Martin Panter added the comment:

.
Michael, how are you supposed to apply your latest patch? I have Gnu Patch 
2.7.5, but even in the best case it doesn’t find the files to patch:

$ patch -p1 -n < python.Lib.ctypes.160608.patch
can't find file to patch at input line 2
The text leading up to this was:
--------------------------
|diff -r Python-2.7.11/Lib/ctypes/__init__.py 
python-2.7.11.5/Lib/ctypes/__init__.py
--------------------------

Perhaps can you make a “unified” diff (-u option) like you did in your previous 
patches? Whatever you did with Python3.issue26439.160511.patch seemed to work 
best.

Also, since your patches add new functionality (the automatic archive member 
detection), they will have to be for Python 3, not 2.

===

Tuple vs "archive(member)" string being an API change:
> name = "libcrypto.a(libcrypto.so.1.0.0)"
> name = ("libcrypto.a", "libcrypto.so.1.0.0")
> name = ("libcrypto.a(libcrypto.so.1.0.0)", RTLD_MEMBER)

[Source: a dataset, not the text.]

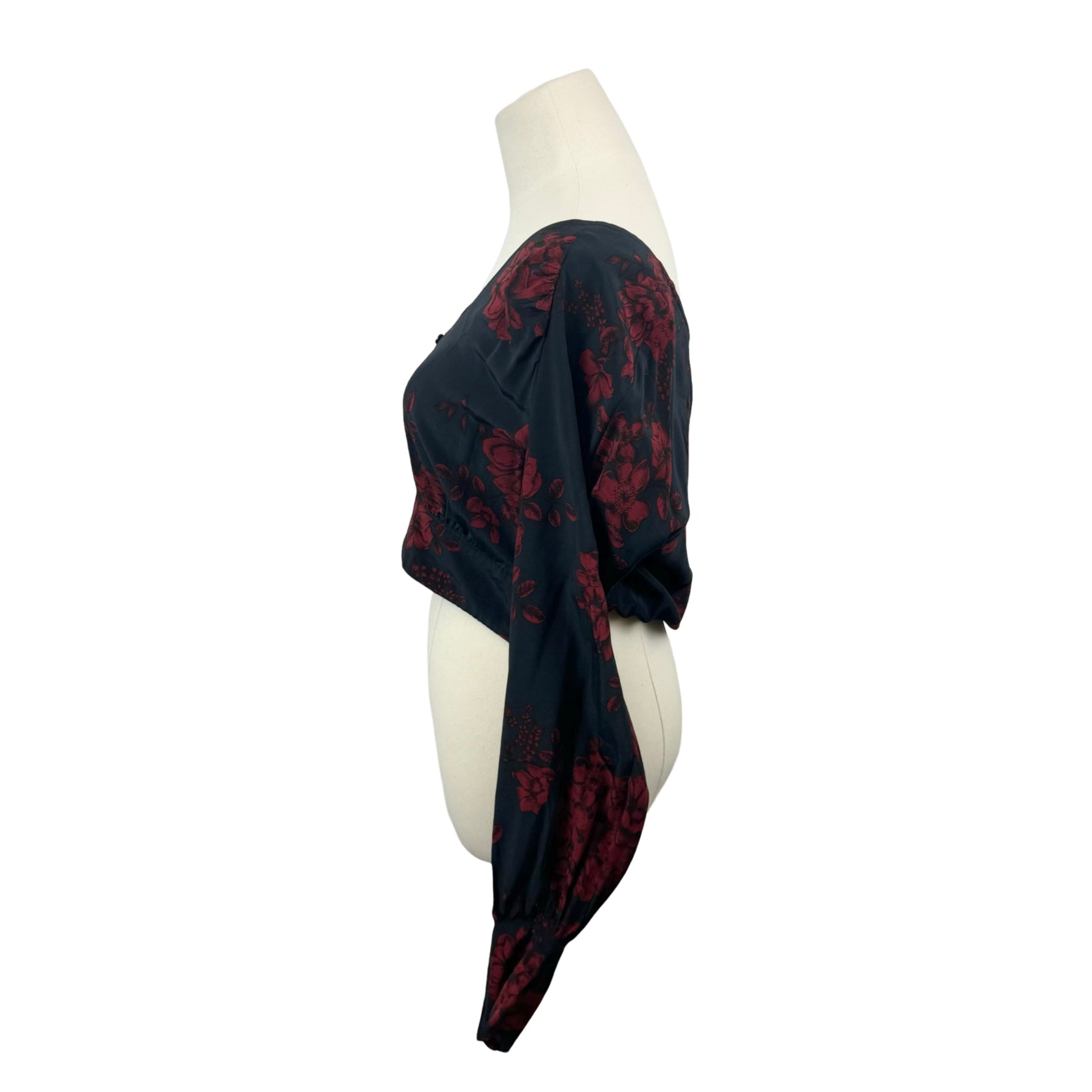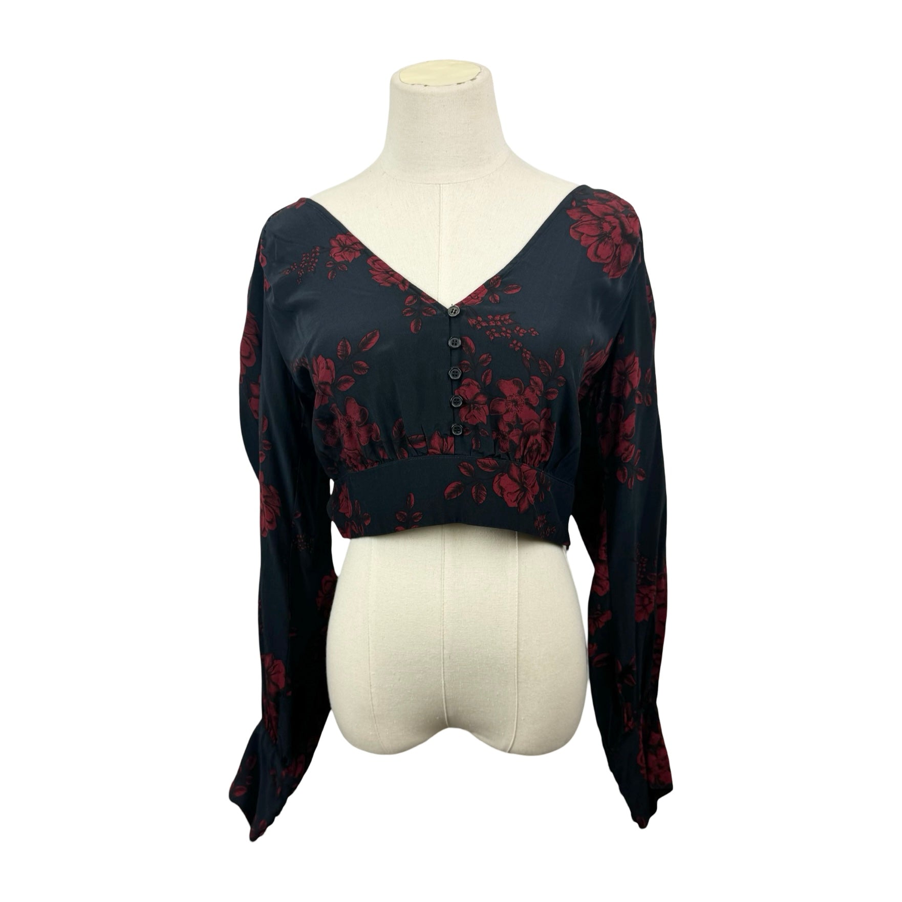 - Cropped long sleeve floral top with button up closure.

IMO all three options are API changes. Even though the first one is still a 
string, we are changing the meaning of the string. It no longer always means a 
plain file or library name, and you lose the ability to indicate a plain 
library file when the special format is used (even though that ability is 
unlikely to be used much).

===

Yes, please remove the internal variables from the signatures. Local variables 
always override the global scope anyway, so it makes no difference. And if you 
use the wrong kind of object (mutable object) as a default value in the 
signature, it can actually lead to subtle bugs.

I am happy to try modifying your code (once we get the patch format etc figured 
out). That is probably the quickest way to fix up some of the problems that are 
obvious to me, e.g. variables in signatures, subprocess driving, etc.

===

With my understanding, find_library("FOO") should not recognize 
/usr/lib/FOO.so, it should only look for /usr/lib/libFOO.so, etc. So it should 
return None. Does linking with -lFOO recognize /usr/lib/FOO.so for you?

Similarly, find_library("../some/where/Foo.so") shouldn’t work. You wouldn’t 
pass that with -l to the linker, I don’t think.